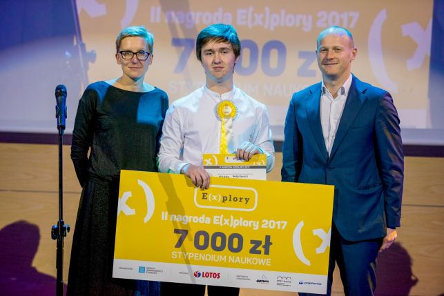 Teraz słów kilka o samym konkursie, bo to wyjątkowe na skalę krajową prestiżowe przedsięwzięcie dla młodych naukowców w przedziale wiekowym 13-20 lat. E(x)plory daje możliwość skonfrontowania pomysłów młodych młodych ludzi z przedstawicielami świata nauki oraz zdobycia doświadczenia w prezentowaniu autorskich projektów naukowo-badawczych. Michał Paszkowski, w trzech konkursowych etapach pokonał kilkuset rywali. Teraz może cieszyć się ze stypendium w wysokości 7 tysięcy złotych. Dla Michała jednak ważniejsza jest przepustka na największy światowy konkurs Intel ISEF, który odbywa się w Stanach Zjednoczonych od 1958 roku. W tym konkursie bierze udział ponad 1600 uczniów, 1000 projektów z 70 krajów. Michał - zgodnie z regulaminem konkursu - będzie prezentował się ze swoim zwycięskim projektem.
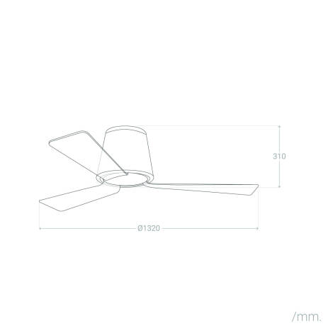 Le modèle se monte en installation surface sur plafond standard. Son diamètre de 1320 mm et sa hauteur totale de 310 mm en font un appareil profilé pour plafonds bas à moyens. Le ventilateur fonctionne sur 220‑240V AC et la pose doit être réalisée par un électricien qualifié pour respecter la sécurité et la compatibilité électrique.
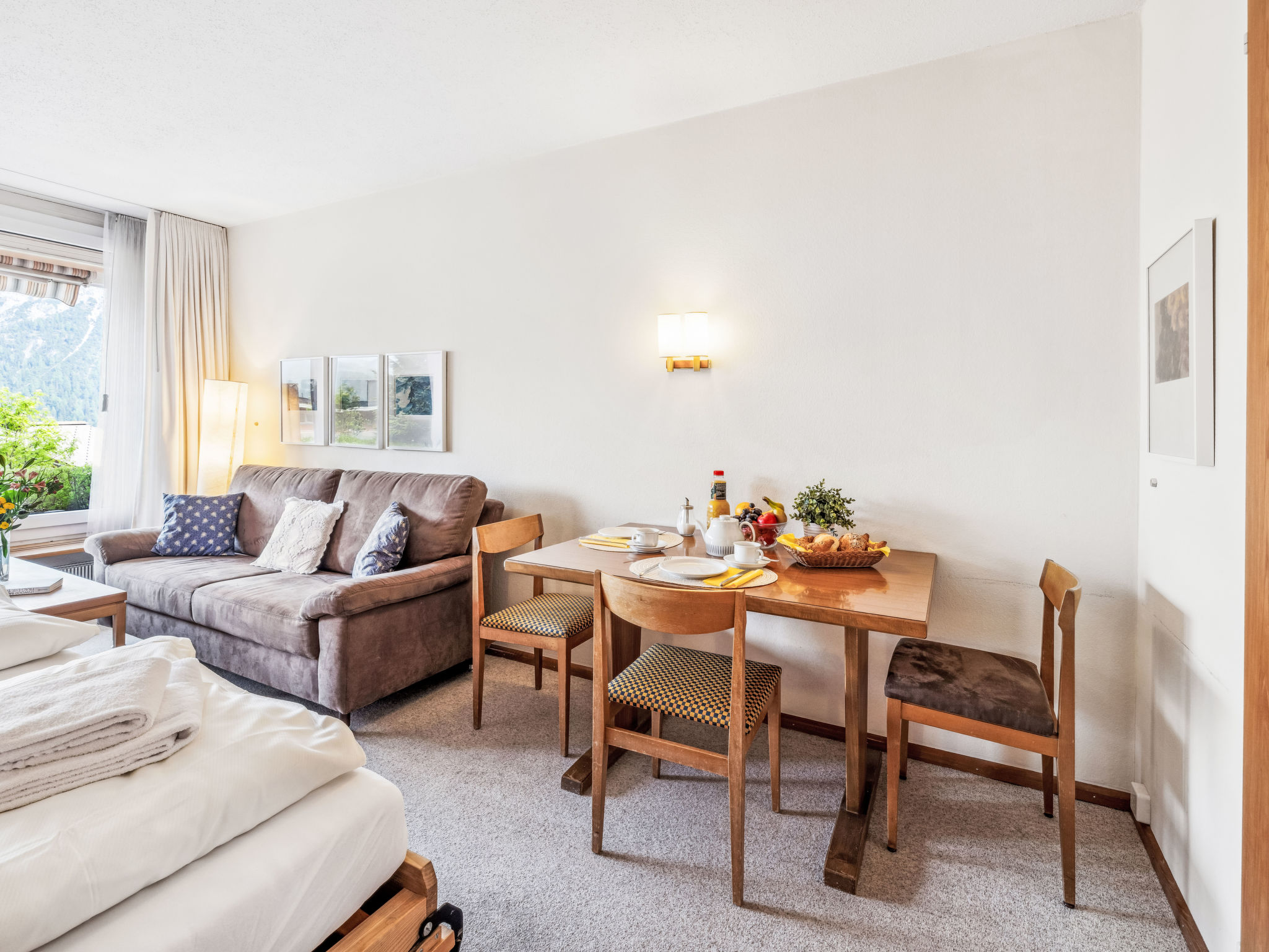 Appartementhaus "Promenade (Utoring)". Im Ort, 500 m vom Zentrum, ruhige Lage. Im Hause: Aufenthaltsraum, Tischtennis, Kiosk, Fahrstuhl, Skiraum, Zentralheizung, Waschmaschine (zur Mitbenutzung). Zufahrt bis zum Haus (Bergstrasse). Im Winter bitte Schneeketten mitbringen, im Winter 4x4 empfohlen. Parkplatz (beschränkte Anzahl, extra) beim Haus, Gemeinschaftsgarage (extra), öffentliches Parkhaus in 800 m. Einkaufsgeschäft 500 m. Bergbahn 500 m. Hauslieferdienst möglich. Schöne Wanderwege direkt vor dem Haus. Achtung: beschränkte Anzahl Parkmöglichkeiten! Parkplatz oder Garagenplatz müssen zwingend vorgängig beim Schlüsselhalter reserviert werden: Parkplatz CHF 5.00/Tag, gedeckter Parkplatz CHF 8.00/Tag, Garagenplatz CHF 16.00/Tag, zahlbar vor Ort. Zweckmässig eingerichtete Appartements mit Sat-TV (im Mietpreis inbegriffen, ausser bei Typ 10 und 12 CHF 40.00/Woche). Aufenthaltsraum mit Internetanschluss (WiFi). Skiabonnements sind an der Rezeption erhältlich.
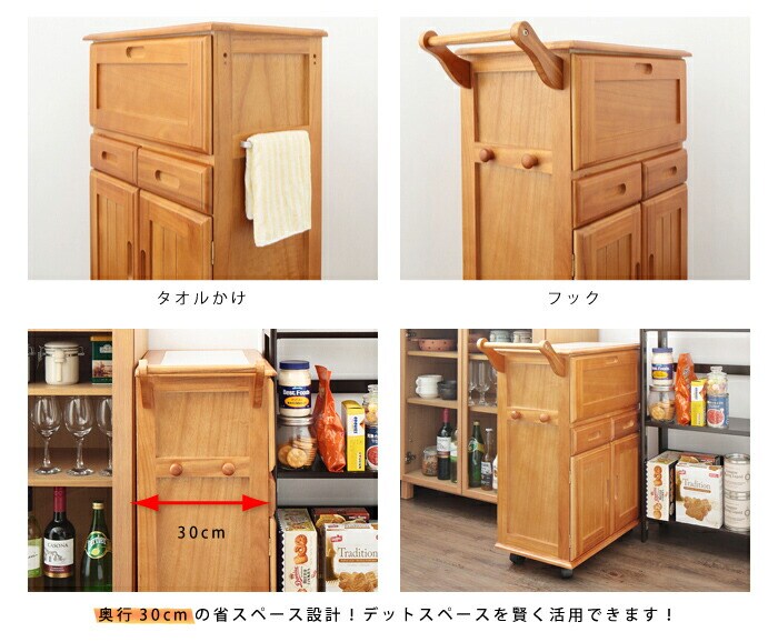 ・天板はタイル付なので熱い物も置けます。
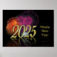 Flambant précieux Nouvel An 2025 avec typographie élégante lettre/numéro d'or 3D 2025 avec un feu d'artifice coloré sur un arrière - plan noir.
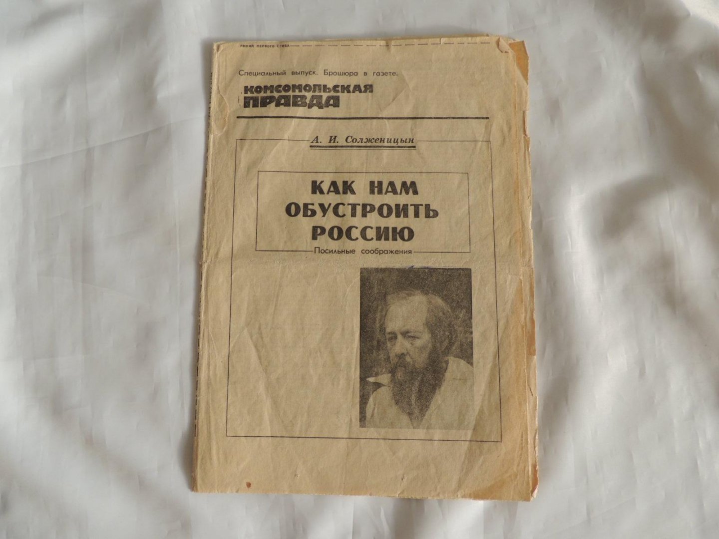 A standalone special issue of Komsomolskaya Pravda newspaper from 09/18/1990. Printed as a brochure in the newspaper. 16 p. The first publication of the Nobel laureate' “swan song”. This is essay on the future of Russia by Solzhenitsyn, who was living at that time in the USA. The article was published at the end of Soviet era in a state that was falling apart Komsomolskaya Pravda and Literaturnaya Gazeta at the same day. In this essay, Solzhenitsyn review and describes the past of his Homeland, searches for parallels with the Soviet Union warns of future problems – basically anticipating the catastrophe that happened a little more than a year later, in 1991. The publication caused a state-wide response among the people of the USSR. However, there were no simple and quick answers about how to cope with the crisis and Solzhenitsyn himself later remarked - “I, unfortunately, have not been heard.” |
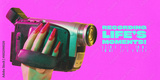 Poster. Contemporary art collage. Recording Life's Moments. hand with long red nails holds vintage camcorder against vibrant pink background. Concept of nostalgia, retro, pop art, 90s. Y2k style.
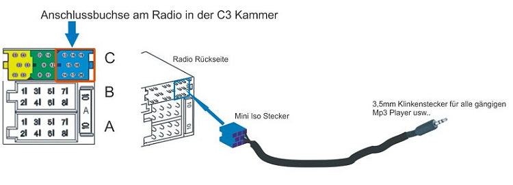 KFZ Auto Radio AUX 12 Pol Quadlock Klinken Stecker 3,5mm passend für Audi VW Seat Skoda
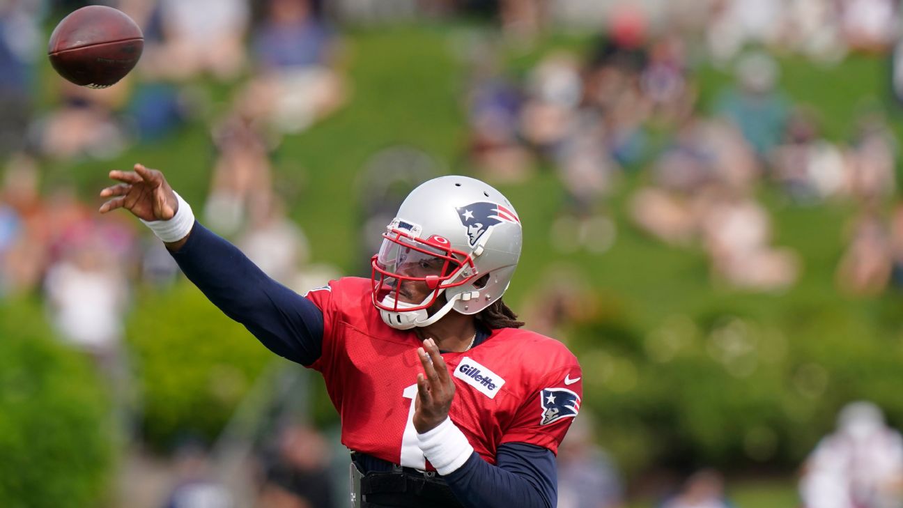 Cam Newton had one of his most productive days of training camp as the Patriots wore full pads for the first time. The starting QB was 11-of-17 in competitive 7-on-7 and 11-on-11 drills, with one of his best throws a 50-yard TD to receiver Nelson Agholor. He also ran the read-option, which ultimately set up a TD throw to tight end Hunter Henry, as the defense had to respect the run as Newton rolled out to his right. -- Mike Reiss
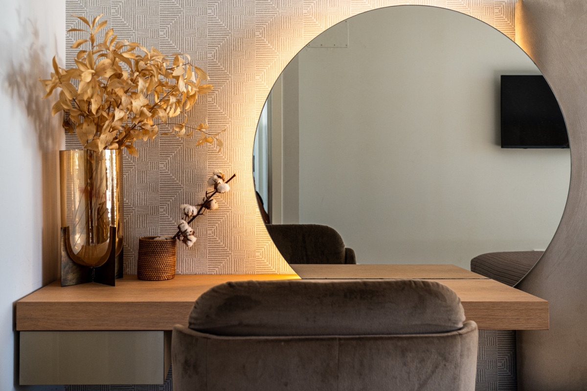À l'intérieur, chaque chambre dispose d'une salle de bains privative et d'un placard intégré. L'agencement est simple et fonctionnel. La pièce de vie principale s'ouvre sur une terrasse offrant une vue imprenable sur la mer. Le design privilégie le confort avec des finitions soignées.
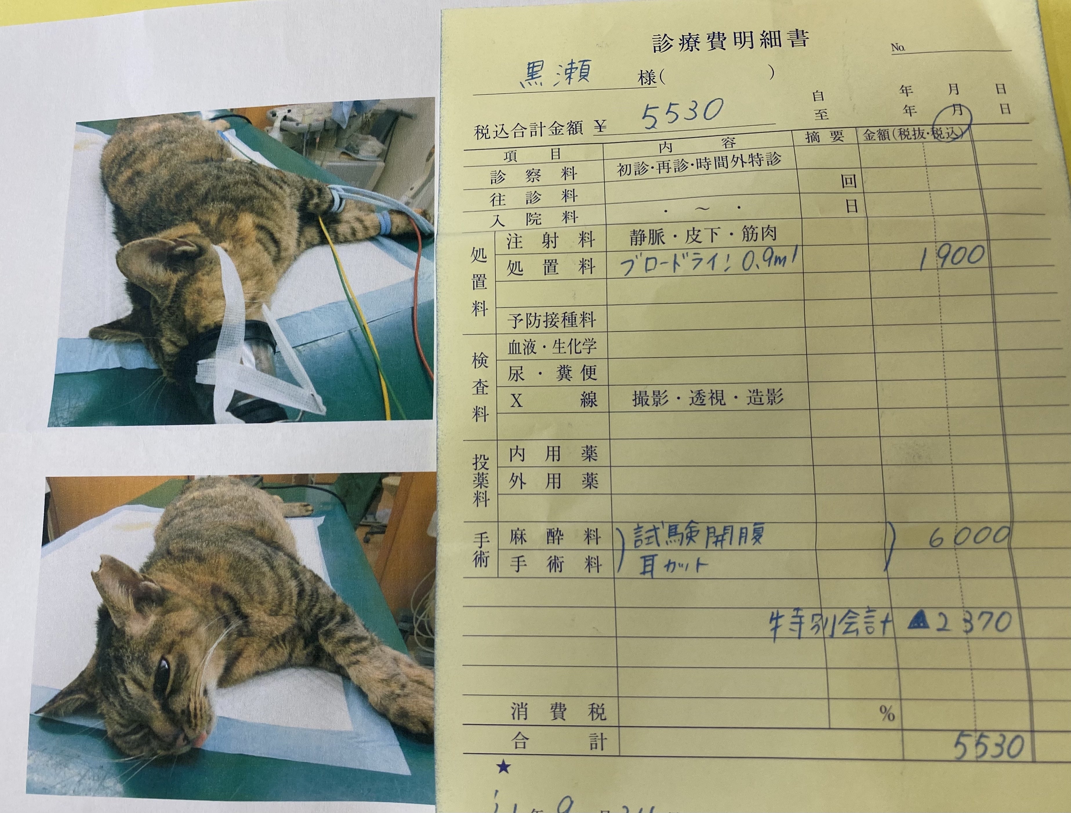 病院に連れて行ったら、お腹に手術痕が…確認したらやっぱり手術済みでしたので、耳カットをしてもらいました。
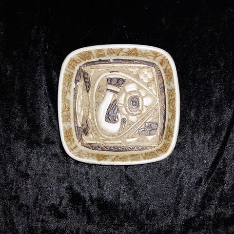 Royal Copenhagen fajance fad i firkantet form med let afrundede hjørner. Fadet har blå og grøn dekor med fuglemotiv og plantemønster på lys bund samt mørkeblå kant. Undersiden er stemplet med Royal Copenhagen Denmark Fajance mærke og modelnumre. Velegnet som serveringsfad eller dekorativt indslag i indretningen.
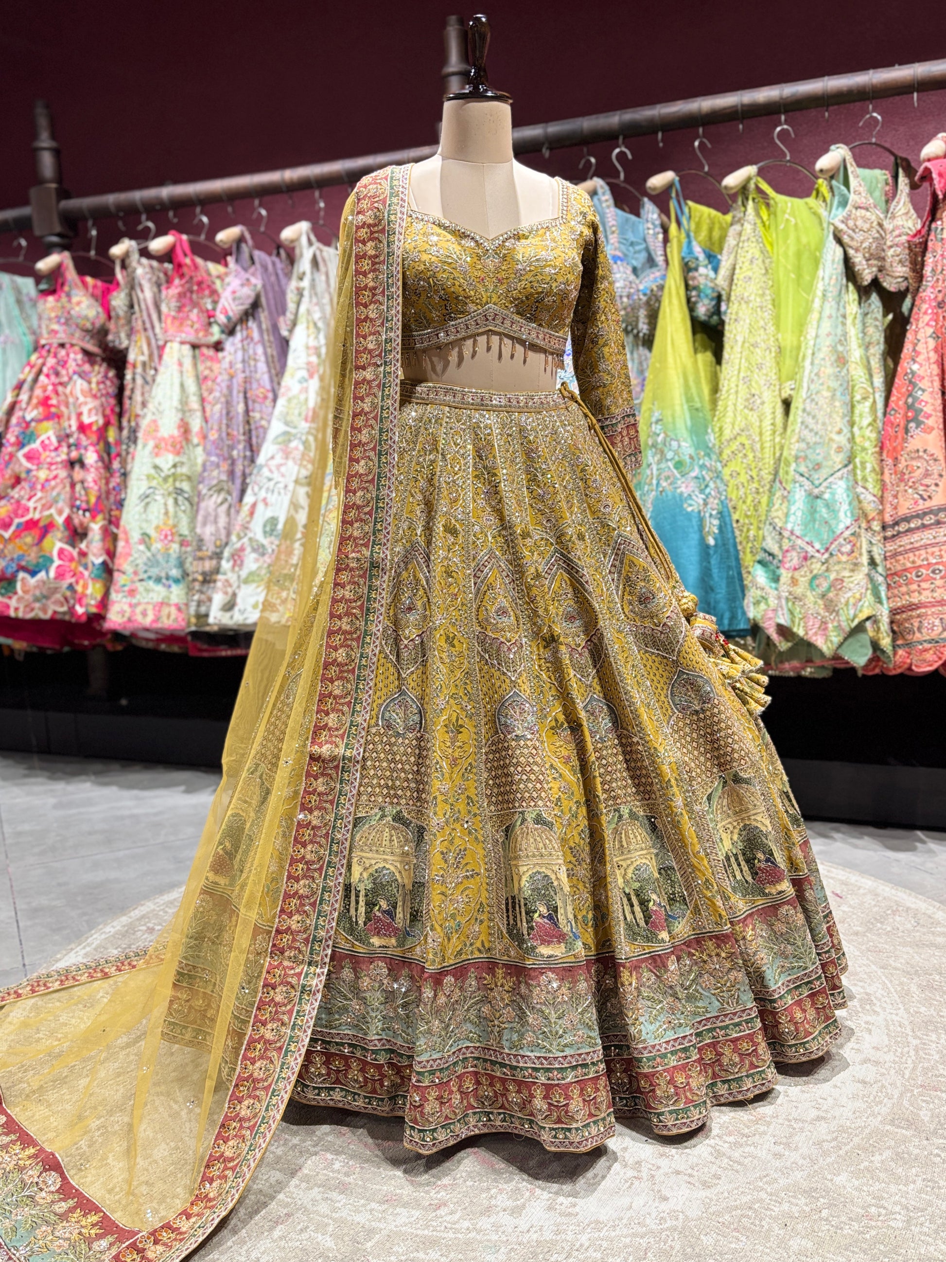Bring timeless elegance to your festive wardrobe with this stunning mustard yellow silk lehenga set, crafted with rich detailing and traditional artistry. The lehenga features intricate zari embroidery combined with finely detailed scenic and architectural motifs along the border, creating a regal and heritage-inspired appeal. Its graceful flare adds volume and movement, making it perfect for grand occasions.
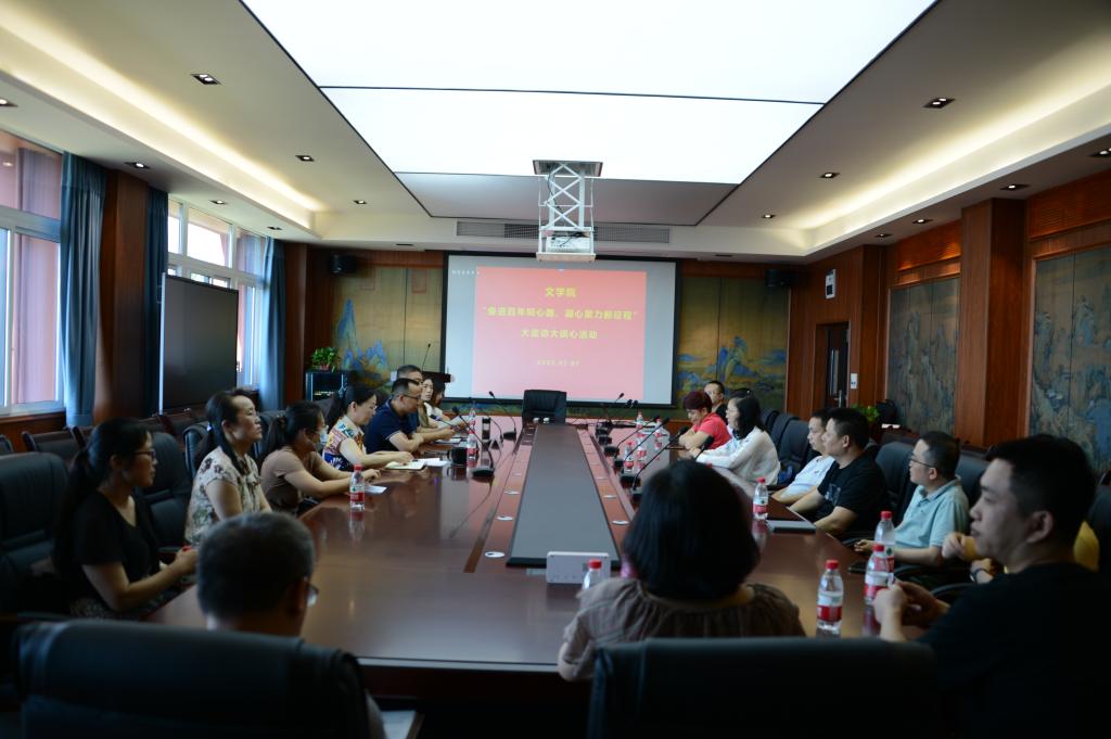 为推进学校“奋进百年同心路 凝心聚力新征程”大走访大谈心活动,7月7日,我院在博学楼3栋404中国语言文学学科学术研讨中心召开学院民主党派人士暨高层次人才座谈会,副校长郭作飞、太阳成集团领导班子及全体博士教授出席会议,会议由总支书记唐晓萍主持。
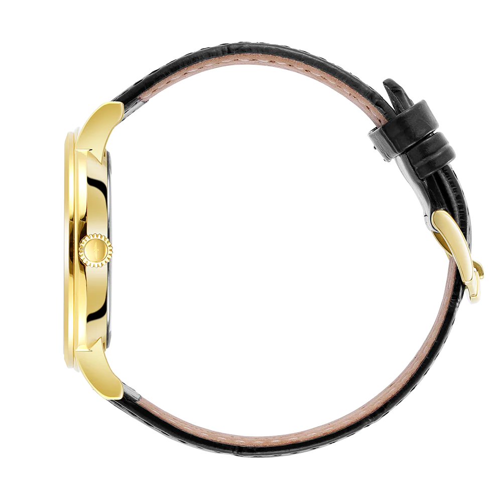 A genuine black leather strap and water resistance of 50m ensures all day wearability. This classic watch is powered by a reliable quartz movement featuring a day/date complication for added practicality.

— What the task requires —
Because only the text is wanted, copy each record above precisely and omit its pictures.

— Solution for this exercise —
 Teraz słów kilka o samym konkursie, bo to wyjątkowe na skalę krajową prestiżowe przedsięwzięcie dla młodych naukowców w przedziale wiekowym 13-20 lat. E(x)plory daje możliwość skonfrontowania pomysłów młodych młodych ludzi z przedstawicielami świata nauki oraz zdobycia doświadczenia w prezentowaniu autorskich projektów naukowo-badawczych. Michał Paszkowski, w trzech konkursowych etapach pokonał kilkuset rywali. Teraz może cieszyć się ze stypendium w wysokości 7 tysięcy złotych. Dla Michała jednak ważniejsza jest przepustka na największy światowy konkurs Intel ISEF, który odbywa się w Stanach Zjednoczonych od 1958 roku. W tym konkursie bierze udział ponad 1600 uczniów, 1000 projektów z 70 krajów. Michał - zgodnie z regulaminem konkursu - będzie prezentował się ze swoim zwycięskim projektem.
 Le modèle se monte en installation surface sur plafond standard. Son diamètre de 1320 mm et sa hauteur totale de 310 mm en font un appareil profilé pour plafonds bas à moyens. Le ventilateur fonctionne sur 220‑240V AC et la pose doit être réalisée par un électricien qualifié pour respecter la sécurité et la compatibilité électrique.
 Appartementhaus "Promenade (Utoring)". Im Ort, 500 m vom Zentrum, ruhige Lage. Im Hause: Aufenthaltsraum, Tischtennis, Kiosk, Fahrstuhl, Skiraum, Zentralheizung, Waschmaschine (zur Mitbenutzung). Zufahrt bis zum Haus (Bergstrasse). Im Winter bitte Schneeketten mitbringen, im Winter 4x4 empfohlen. Parkplatz (beschränkte Anzahl, extra) beim Haus, Gemeinschaftsgarage (extra), öffentliches Parkhaus in 800 m. Einkaufsgeschäft 500 m. Bergbahn 500 m. Hauslieferdienst möglich. Schöne Wanderwege direkt vor dem Haus. Achtung: beschränkte Anzahl Parkmöglichkeiten! Parkplatz oder Garagenplatz müssen zwingend vorgängig beim Schlüsselhalter reserviert werden: Parkplatz CHF 5.00/Tag, gedeckter Parkplatz CHF 8.00/Tag, Garagenplatz CHF 16.00/Tag, zahlbar vor Ort. Zweckmässig eingerichtete Appartements mit Sat-TV (im Mietpreis inbegriffen, ausser bei Typ 10 und 12 CHF 40.00/Woche). Aufenthaltsraum mit Internetanschluss (WiFi). Skiabonnements sind an der Rezeption erhältlich.
 ・天板はタイル付なので熱い物も置けます。
 Flambant précieux Nouvel An 2025 avec typographie élégante lettre/numéro d'or 3D 2025 avec un feu d'artifice coloré sur un arrière - plan noir.
 A standalone special issue of Komsomolskaya Pravda newspaper from 09/18/1990. Printed as a brochure in the newspaper. 16 p. The first publication of the Nobel laureate' “swan song”. This is essay on the future of Russia by Solzhenitsyn, who was living at that time in the USA. The article was published at the end of Soviet era in a state that was falling apart Komsomolskaya Pravda and Literaturnaya Gazeta at the same day. In this essay, Solzhenitsyn review and describes the past of his Homeland, searches for parallels with the Soviet Union warns of future problems – basically anticipating the catastrophe that happened a little more than a year later, in 1991. The publication caused a state-wide response among the people of the USSR. However, there were no simple and quick answers about how to cope with the crisis and Solzhenitsyn himself later remarked - “I, unfortunately, have not been heard.” |
 Poster. Contemporary art collage. Recording Life's Moments. hand with long red nails holds vintage camcorder against vibrant pink background. Concept of nostalgia, retro, pop art, 90s. Y2k style.
 KFZ Auto Radio AUX 12 Pol Quadlock Klinken Stecker 3,5mm passend für Audi VW Seat Skoda
 Cam Newton had one of his most productive days of training camp as the Patriots wore full pads for the first time. The starting QB was 11-of-17 in competitive 7-on-7 and 11-on-11 drills, with one of his best throws a 50-yard TD to receiver Nelson Agholor. He also ran the read-option, which ultimately set up a TD throw to tight end Hunter Henry, as the defense had to respect the run as Newton rolled out to his right. -- Mike Reiss
À l'intérieur, chaque chambre dispose d'une salle de bains privative et d'un placard intégré. L'agencement est simple et fonctionnel. La pièce de vie principale s'ouvre sur une terrasse offrant une vue imprenable sur la mer. Le design privilégie le confort avec des finitions soignées.
 病院に連れて行ったら、お腹に手術痕が…確認したらやっぱり手術済みでしたので、耳カットをしてもらいました。
 Royal Copenhagen fajance fad i firkantet form med let afrundede hjørner. Fadet har blå og grøn dekor med fuglemotiv og plantemønster på lys bund samt mørkeblå kant. Undersiden er stemplet med Royal Copenhagen Denmark Fajance mærke og modelnumre. Velegnet som serveringsfad eller dekorativt indslag i indretningen.
Bring timeless elegance to your festive wardrobe with this stunning mustard yellow silk lehenga set, crafted with rich detailing and traditional artistry. The lehenga features intricate zari embroidery combined with finely detailed scenic and architectural motifs along the border, creating a regal and heritage-inspired appeal. Its graceful flare adds volume and movement, making it perfect for grand occasions.
 为推进学校“奋进百年同心路 凝心聚力新征程”大走访大谈心活动,7月7日,我院在博学楼3栋404中国语言文学学科学术研讨中心召开学院民主党派人士暨高层次人才座谈会,副校长郭作飞、太阳成集团领导班子及全体博士教授出席会议,会议由总支书记唐晓萍主持。
 A genuine black leather strap and water resistance of 50m ensures all day wearability. This classic watch is powered by a reliable quartz movement featuring a day/date complication for added practicality.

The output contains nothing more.